Canadian legal and women's activist (1887–1975)

Annie MacDonald Langstaff (6 June 1887 – 29 June 1975) was a Canadian law student, legal activist, supporter of women's suffrage and an early woman aviator. Born in Ontario in 1887, she graduated from Prescott High School and then married in 1904. Her husband quickly abandoned her, leaving her a single mother. Moving to Montreal in 1906, she began working as a stenographer in the law office of Samuel William Jacobs, who encouraged her to study law. Finding no barriers to her admission, Langstaff enrolled at McGill University in 1911, graduating three years later as a Bachelor of Civil Law. On applying to the Bar of Montreal to practice, she was refused the right to take the examination.

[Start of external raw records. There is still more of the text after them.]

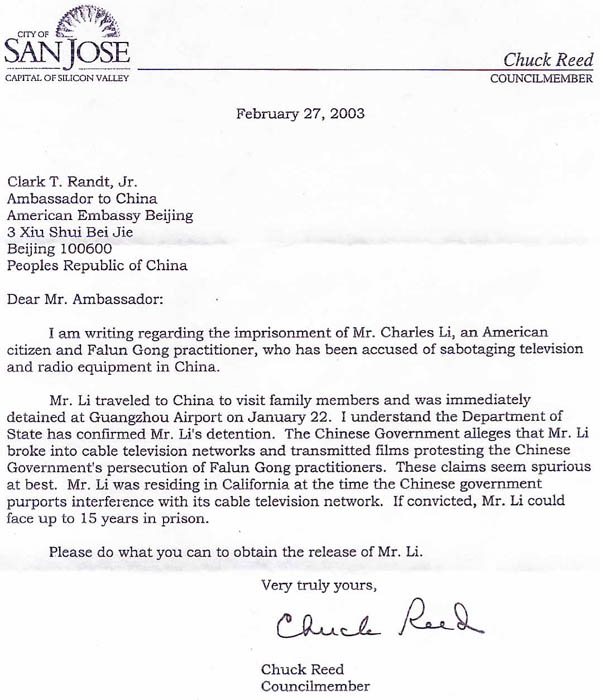 Published on 3/4/2003 加州国会议员致信法轮功学员关注查理斯·李被捕一事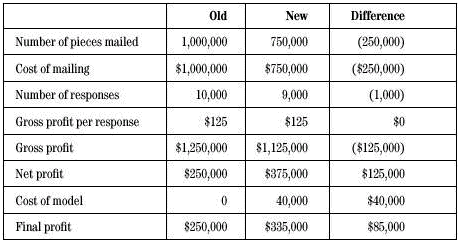 請(qǐng)注意,郵寄的純利潤(rùn)增加了$125,000,甚至你扣除由于數(shù)據(jù)采集而產(chǎn)生的軟件、硬件即人力資源方面的$40,000,純利潤(rùn)還增加了$85,000。建模的投入轉(zhuǎn)化成了200%的收益,這遠(yuǎn)遠(yuǎn)超過了BB&CC對(duì)這一項(xiàng)目的ROI要求。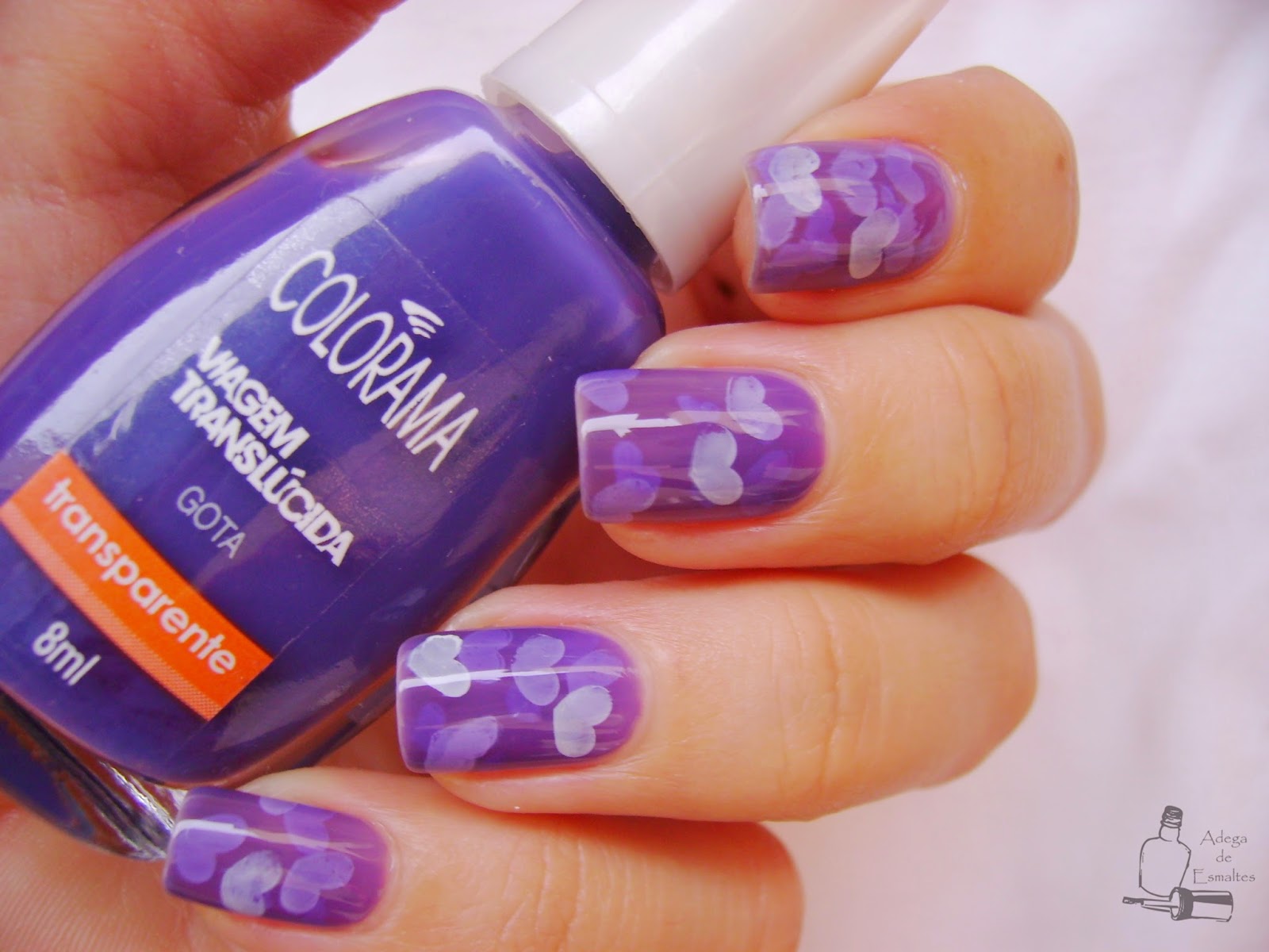 Desta vez vou mostrar uma combinação muito fofa com adesivos de corações e um esmalte lilás muito fofo!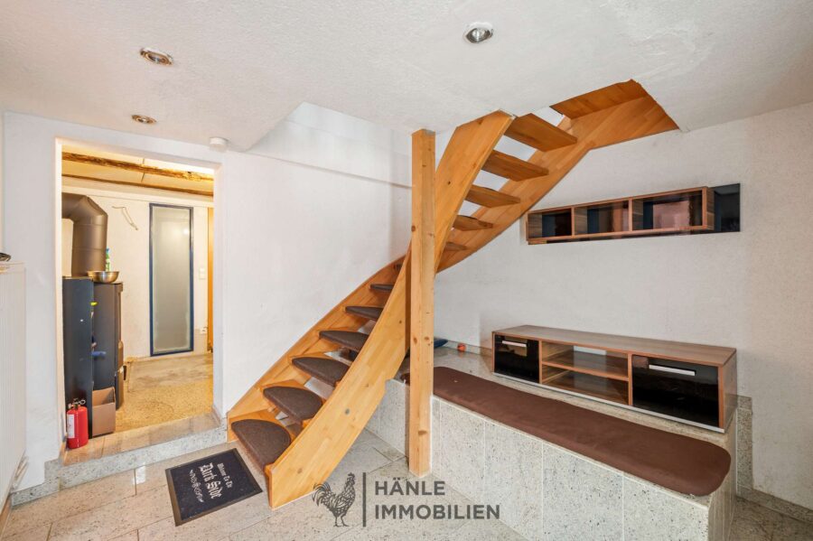 Die Wohnnutzung erstreckt sich über drei Ebenen. Teilweise sichtbare Holzbalken, Dielenböden sowie ein Kaminofen verleihen dem Haus einen individuellen gewachsenen, Charakter.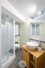 D'une superficie de 57 m², cette maison comprend une pièce de vie avec cusine lumineuse, deux chambres, deux salle d'eau et deux WC.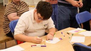 We were then delighted to welcome Newcastle City Learning, who led a movement-based music and drama session that encouraged our learners to express themselves through rhythm and movement. One of the highlights for our learners was a lively game where they took turns choosing an action for everyone in the room to follow. These included pretending to play the drums, doing the Mexican wave, and dancing around with joy.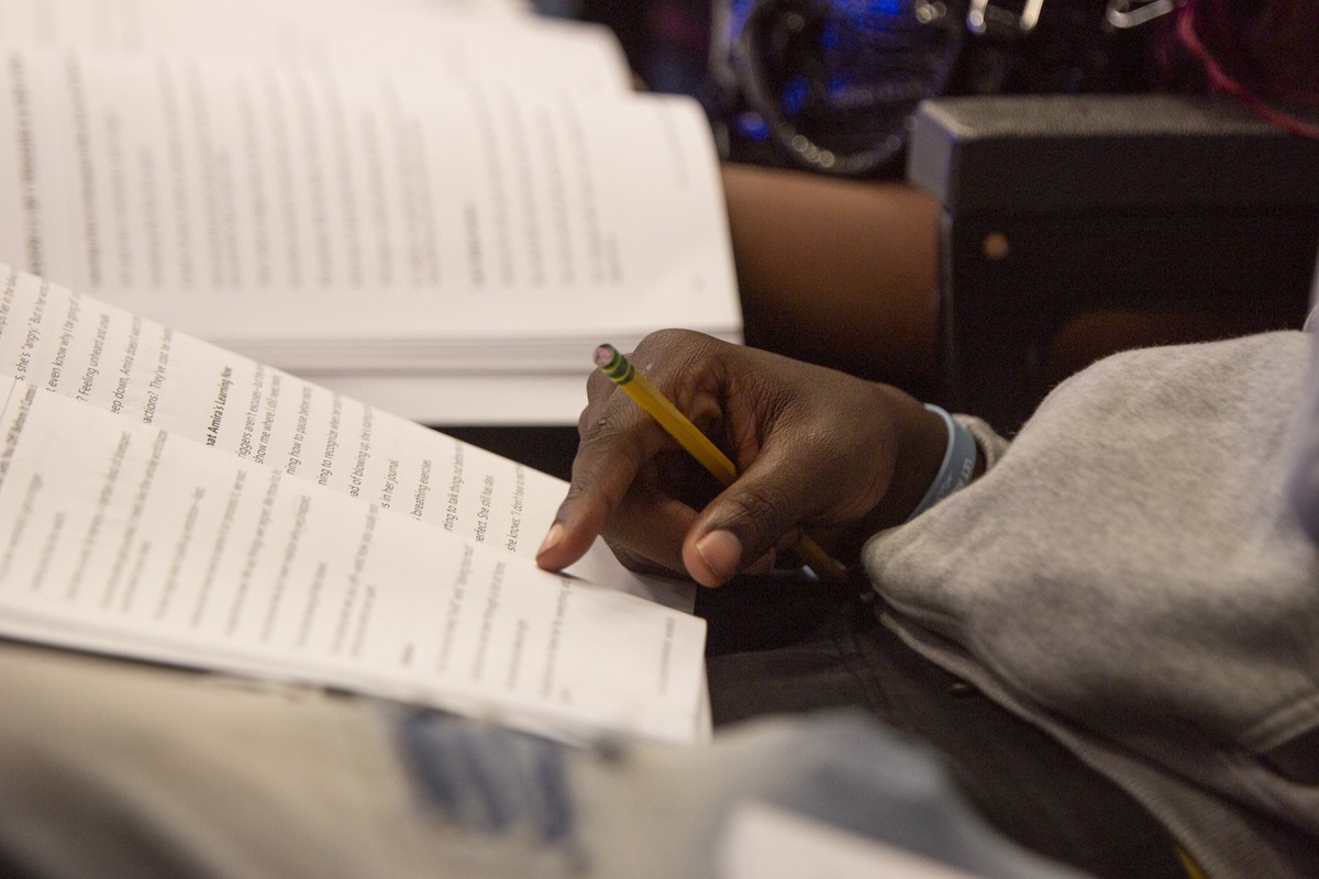 Students at the Safe Summer Series program at Miles College go over lessons in the Empowerment Workbook. (Marika N. Johnson / The Birmingham Times)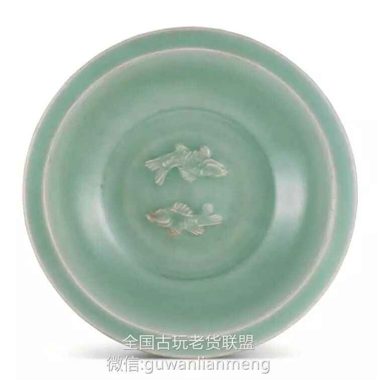 南宋 龙泉青釉双鱼折沿盘(9-12万)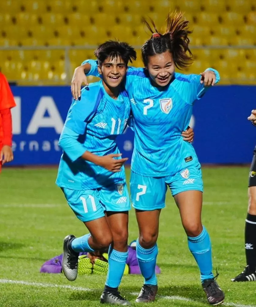 The young tigresses celebrating the goal (image via Indian Football IG )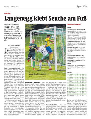 Die Nussbaumer-Truppe muss sich zu Hause dem VfB Hohenems mit 0:3 geschlagen geben. Leader Dornbirn fertigt Schwaz auswärts 4:0 ab.
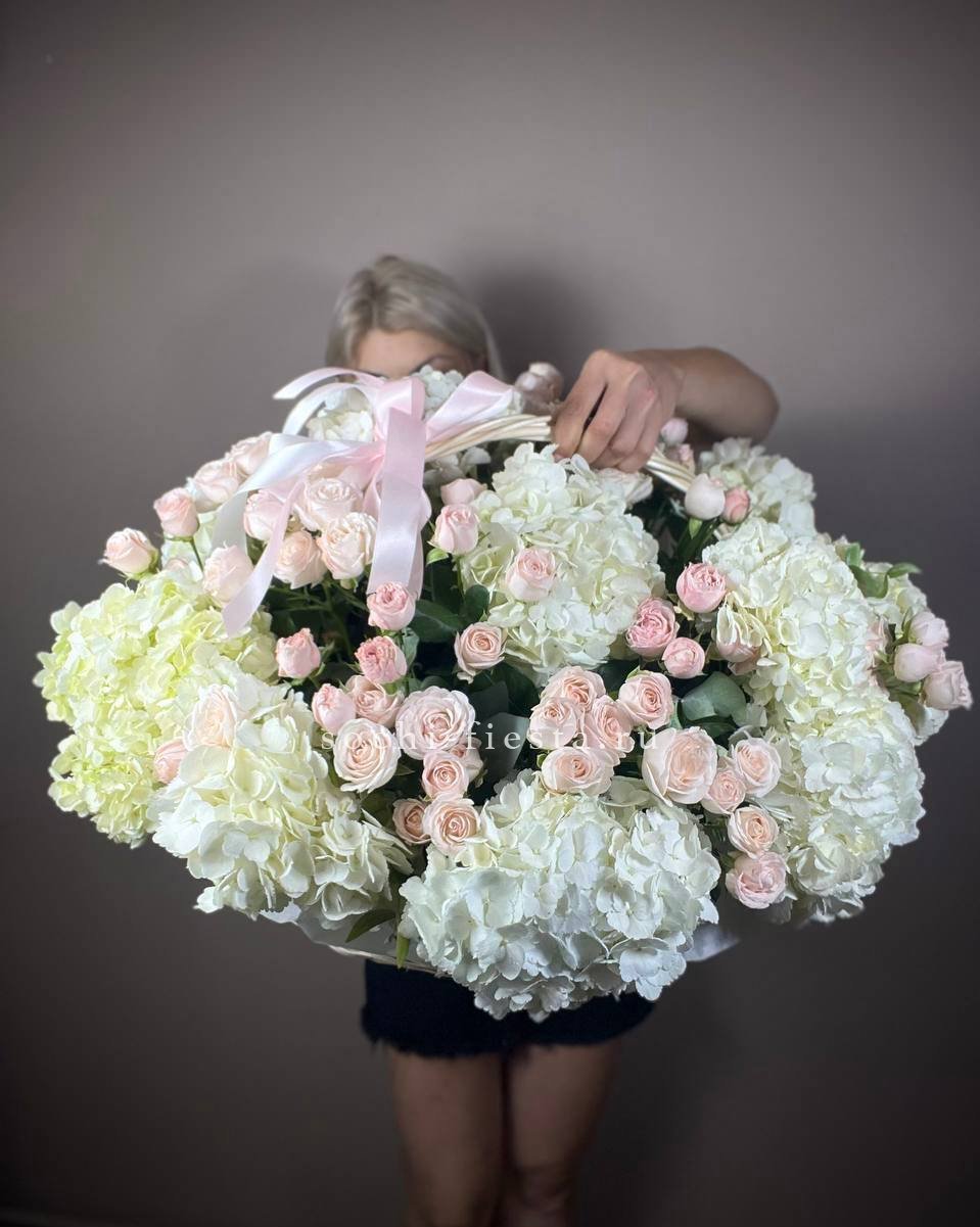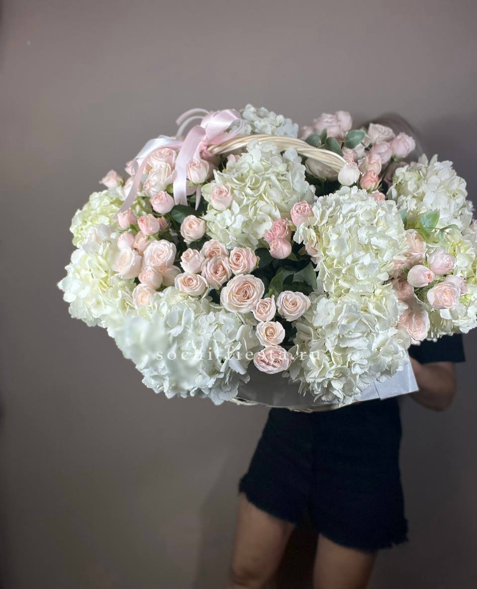 Плетёная корзина вмещает густую композицию из белых и розовых бутонов. Хризантемы и розы перемежаются с соцветиями гортензии, а статица добавляет воздушности между крупными головками цветов.
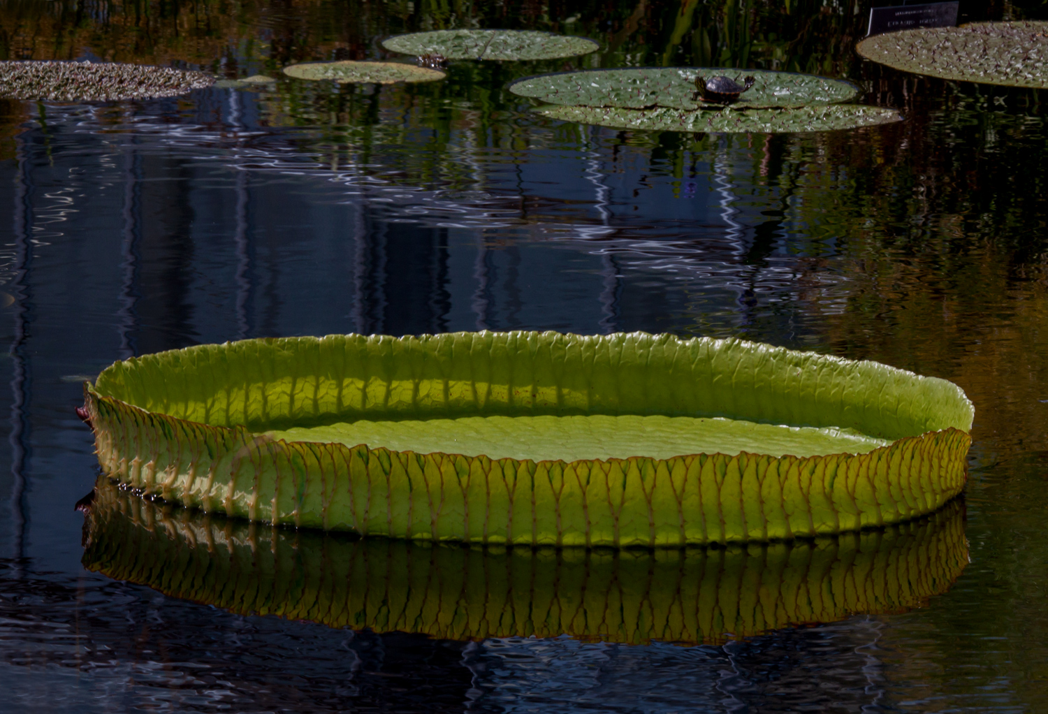 You can’t help but noticed that this is not your average lily pad. I believe that it is a tropical variety that comes from the Amazon River basin of the genus Victoria, possibly Amazonica victoria. According to Wikipedia, the leaves of this species can grow as large as 10 feet in diameter (3 meters), although this one was probably less than three feet (one meter) in size. Clearly it had no problem supporting the weight of the little frog.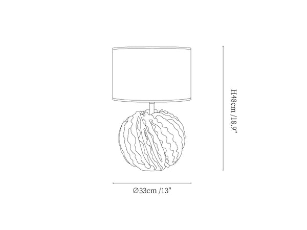 A celebration of contrast and movement, the Terralune Lamp fuses earthy terracotta with crisp white in an undulating, spherical ceramic base. Its rhythmic, hand-textured ridges evoke the organic swirl of wind-carved landscapes—grounded yet ethereal beneath a soft linen shade.
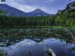 viewes, Snowy, clouds, Bird, Mountains, trees

When Langstaff petitioned the Superior Court for a Writ Of Mandamus to compel the bar to admit her as she met all statutory requirements, the court upheld the bar's decision based upon the fact that she neither had her husband's permission to attend law school, nor to become a lawyer. As her husband had abandoned her and her child and she did not know where he was, she was unable to obtain his permission. The refusal led to feminists in support of women's suffrage embracing Langstaff and her cause. She became active in the fight for enfranchisement of women in Quebec, while continuing her fight to become a barrister. In 1915 she filed an appeal with the Court of King's Bench of Quebec (now the Quebec Court of Appeal), which also ruled against her, claiming that her recourse was to petition the legislature, since they had enacted the statute defining who could become a lawyer.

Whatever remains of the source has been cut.